ASSIGNMENT:
Copy, word for word, the lines below from the one containing "После этого Его" up to and including the one containing "英雄虽逝,精神永存,伟大的抗", with pictures left out.

EXTRACTED RECORDS:

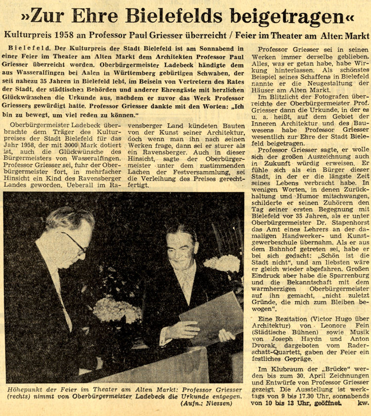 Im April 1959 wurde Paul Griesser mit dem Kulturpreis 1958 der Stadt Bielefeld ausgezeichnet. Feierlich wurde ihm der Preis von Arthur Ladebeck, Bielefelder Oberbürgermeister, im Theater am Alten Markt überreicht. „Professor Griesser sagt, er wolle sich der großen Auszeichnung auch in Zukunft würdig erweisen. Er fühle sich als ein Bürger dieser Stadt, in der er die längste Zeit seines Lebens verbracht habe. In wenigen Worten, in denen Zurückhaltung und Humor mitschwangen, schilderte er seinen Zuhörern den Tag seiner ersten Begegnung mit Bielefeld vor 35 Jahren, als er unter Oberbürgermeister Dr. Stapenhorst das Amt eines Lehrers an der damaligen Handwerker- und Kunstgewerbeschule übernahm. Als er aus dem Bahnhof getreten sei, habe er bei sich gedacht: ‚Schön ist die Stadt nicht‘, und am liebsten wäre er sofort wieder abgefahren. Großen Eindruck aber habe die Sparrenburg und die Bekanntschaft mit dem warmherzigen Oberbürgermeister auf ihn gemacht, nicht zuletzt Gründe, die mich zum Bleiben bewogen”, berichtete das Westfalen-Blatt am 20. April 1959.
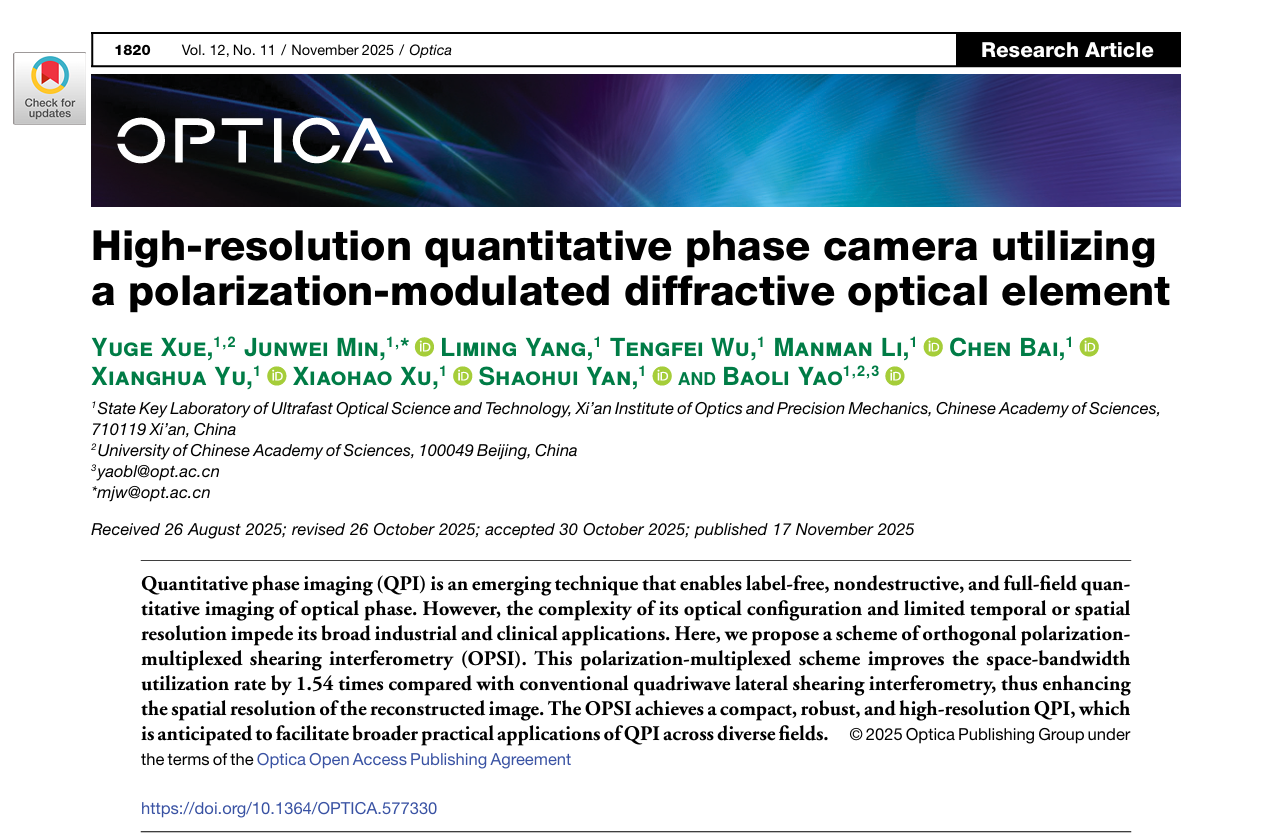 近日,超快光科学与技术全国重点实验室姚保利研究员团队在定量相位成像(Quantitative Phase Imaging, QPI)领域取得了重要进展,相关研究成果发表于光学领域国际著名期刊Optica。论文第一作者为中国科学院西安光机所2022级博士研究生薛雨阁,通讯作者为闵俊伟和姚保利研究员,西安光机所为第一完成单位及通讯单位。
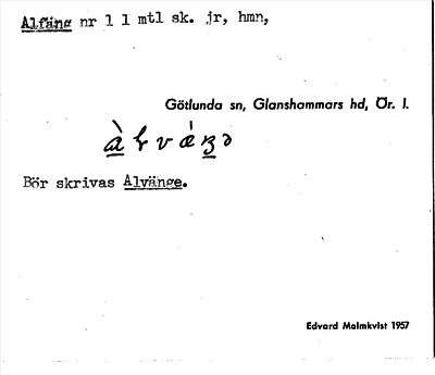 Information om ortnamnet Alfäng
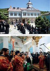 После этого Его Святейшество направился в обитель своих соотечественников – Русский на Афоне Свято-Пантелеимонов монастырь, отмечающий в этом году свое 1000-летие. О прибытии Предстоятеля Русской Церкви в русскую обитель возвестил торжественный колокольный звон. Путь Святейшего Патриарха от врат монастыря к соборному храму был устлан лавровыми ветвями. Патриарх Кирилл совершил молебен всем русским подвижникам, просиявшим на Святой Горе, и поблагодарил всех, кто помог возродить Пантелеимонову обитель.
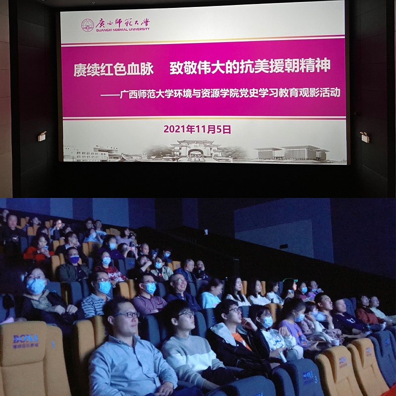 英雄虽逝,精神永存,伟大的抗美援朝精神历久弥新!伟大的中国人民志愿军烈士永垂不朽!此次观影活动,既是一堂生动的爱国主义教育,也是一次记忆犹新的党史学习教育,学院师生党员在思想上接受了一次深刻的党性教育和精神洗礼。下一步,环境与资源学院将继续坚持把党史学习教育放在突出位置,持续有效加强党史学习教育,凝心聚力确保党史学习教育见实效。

---

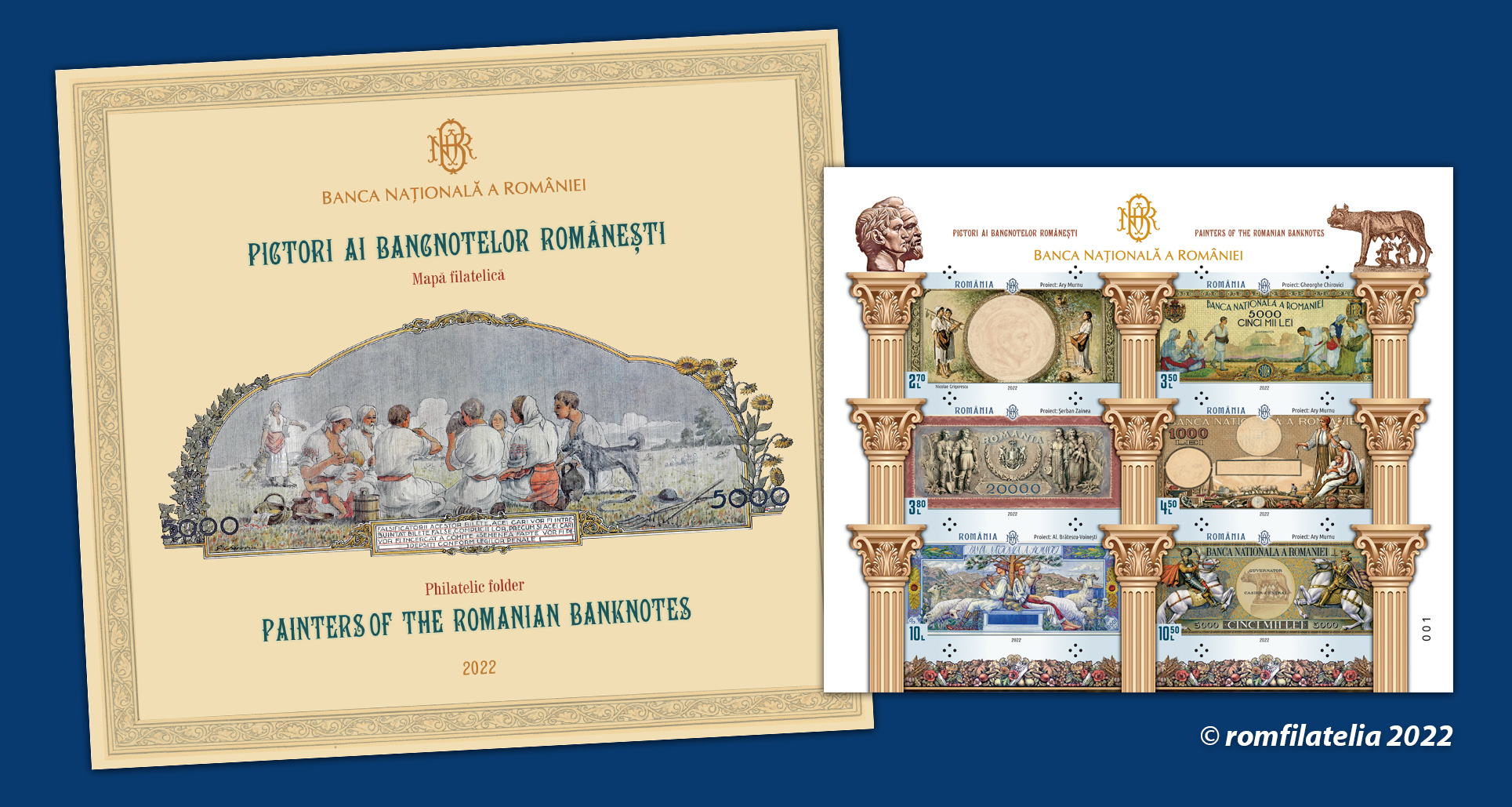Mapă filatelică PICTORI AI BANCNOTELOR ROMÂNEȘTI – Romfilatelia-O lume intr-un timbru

COMPLETED TASK:
 После этого Его Святейшество направился в обитель своих соотечественников – Русский на Афоне Свято-Пантелеимонов монастырь, отмечающий в этом году свое 1000-летие. О прибытии Предстоятеля Русской Церкви в русскую обитель возвестил торжественный колокольный звон. Путь Святейшего Патриарха от врат монастыря к соборному храму был устлан лавровыми ветвями. Патриарх Кирилл совершил молебен всем русским подвижникам, просиявшим на Святой Горе, и поблагодарил всех, кто помог возродить Пантелеимонову обитель.
 英雄虽逝,精神永存,伟大的抗美援朝精神历久弥新!伟大的中国人民志愿军烈士永垂不朽!此次观影活动,既是一堂生动的爱国主义教育,也是一次记忆犹新的党史学习教育,学院师生党员在思想上接受了一次深刻的党性教育和精神洗礼。下一步,环境与资源学院将继续坚持把党史学习教育放在突出位置,持续有效加强党史学习教育,凝心聚力确保党史学习教育见实效。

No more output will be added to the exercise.